## Task description
The answer must consist solely of the lines below starting at the one containing "Imperial Glass Candle" and ending at the one containing "A fried chicken", repeated exactly, with both ends included and all pictures omitted.

## Raw data
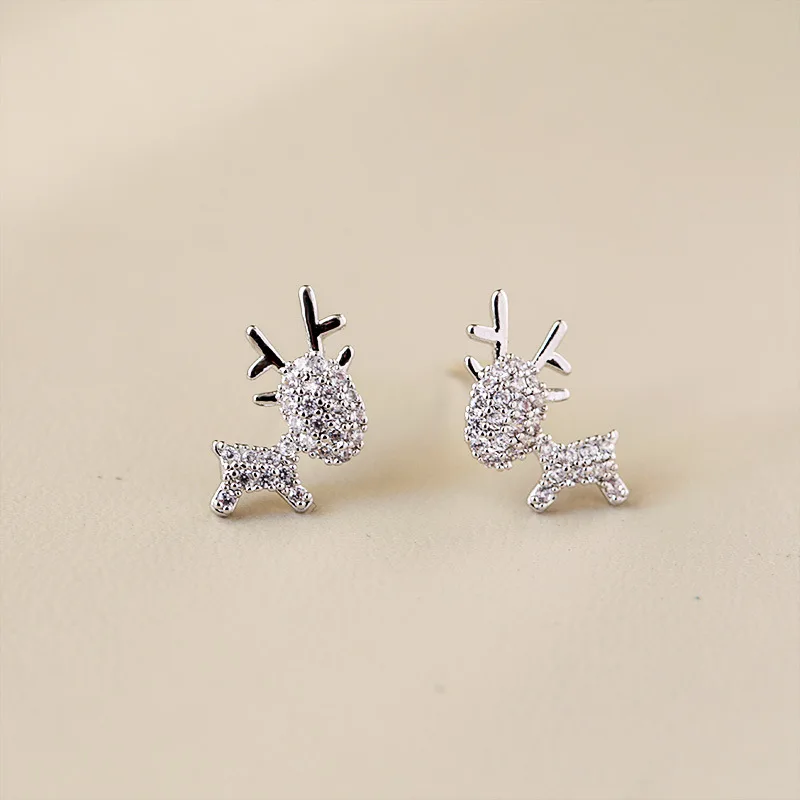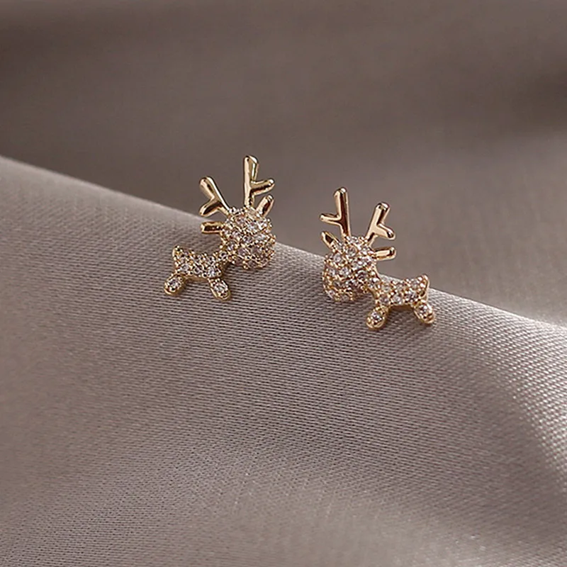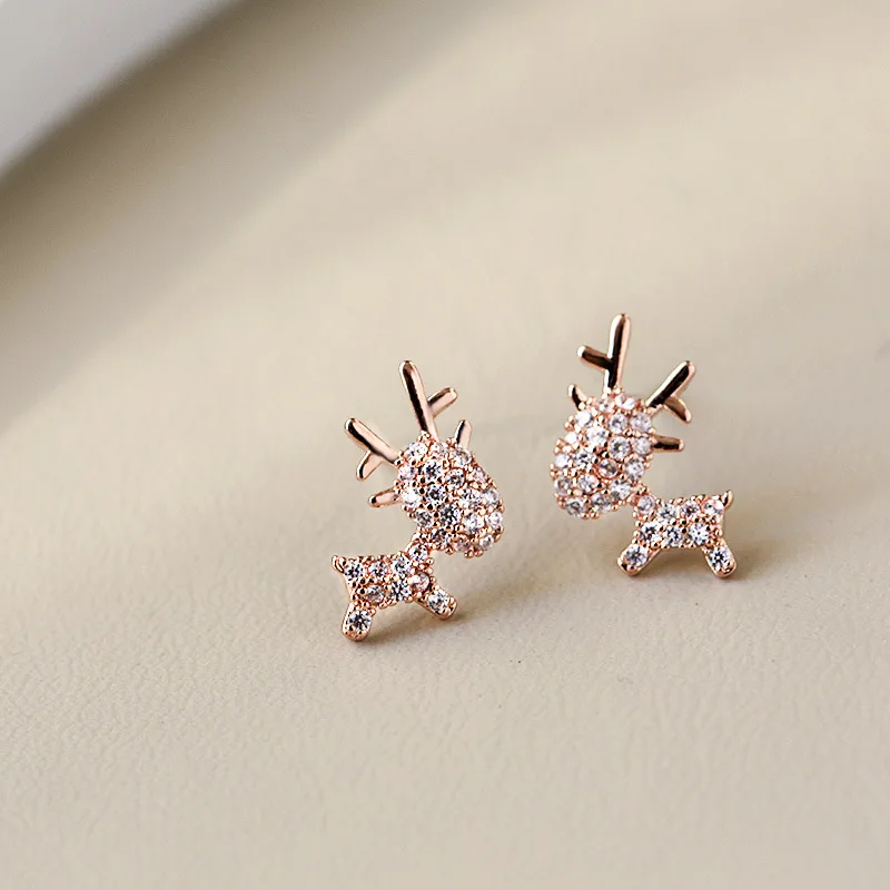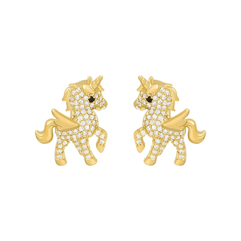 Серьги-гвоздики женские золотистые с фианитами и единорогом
--
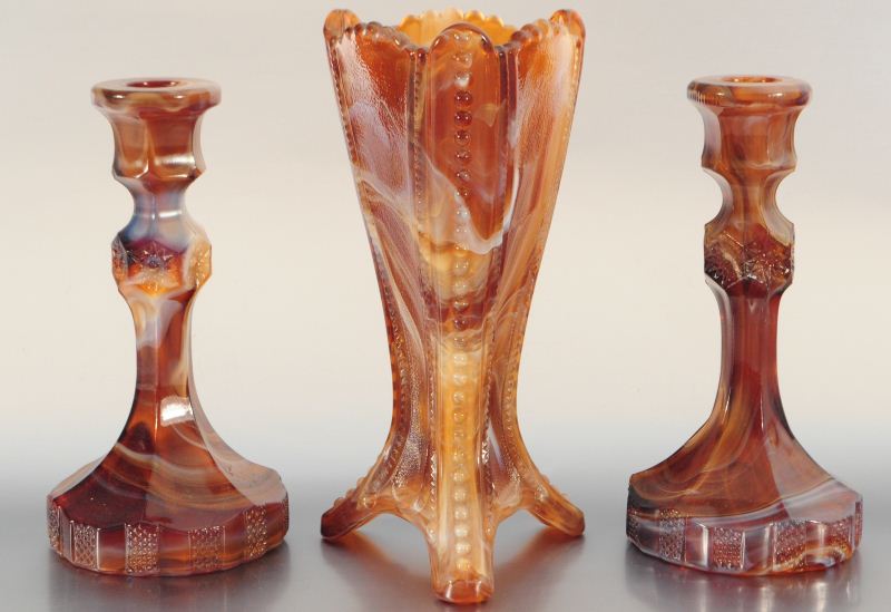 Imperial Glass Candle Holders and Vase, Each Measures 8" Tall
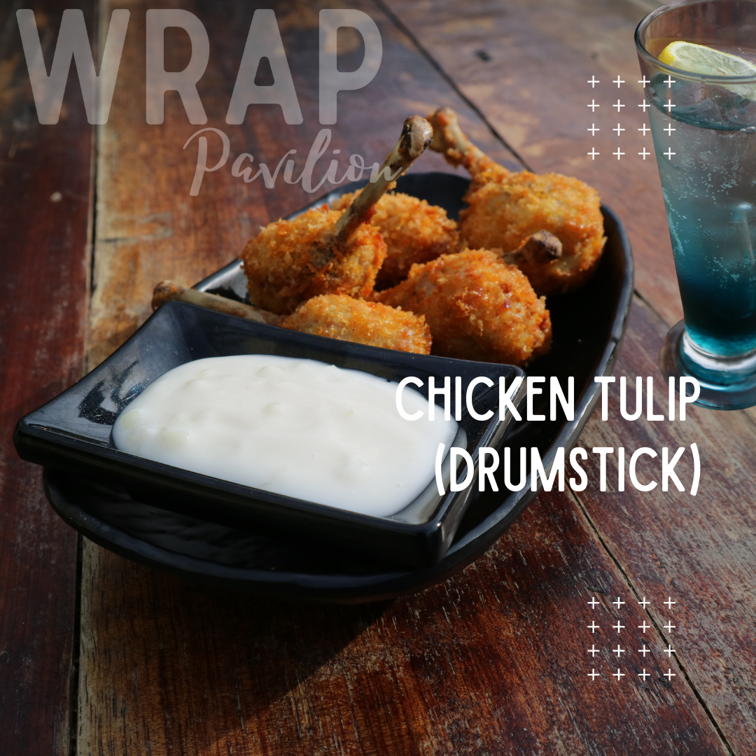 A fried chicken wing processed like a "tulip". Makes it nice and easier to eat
==
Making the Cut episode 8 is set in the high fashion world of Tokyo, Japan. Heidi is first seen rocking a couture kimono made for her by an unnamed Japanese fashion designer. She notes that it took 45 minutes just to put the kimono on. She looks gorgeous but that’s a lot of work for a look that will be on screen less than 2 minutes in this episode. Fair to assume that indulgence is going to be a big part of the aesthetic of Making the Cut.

## Reply
 Imperial Glass Candle Holders and Vase, Each Measures 8" Tall
 A fried chicken wing processed like a "tulip". Makes it nice and easier to eat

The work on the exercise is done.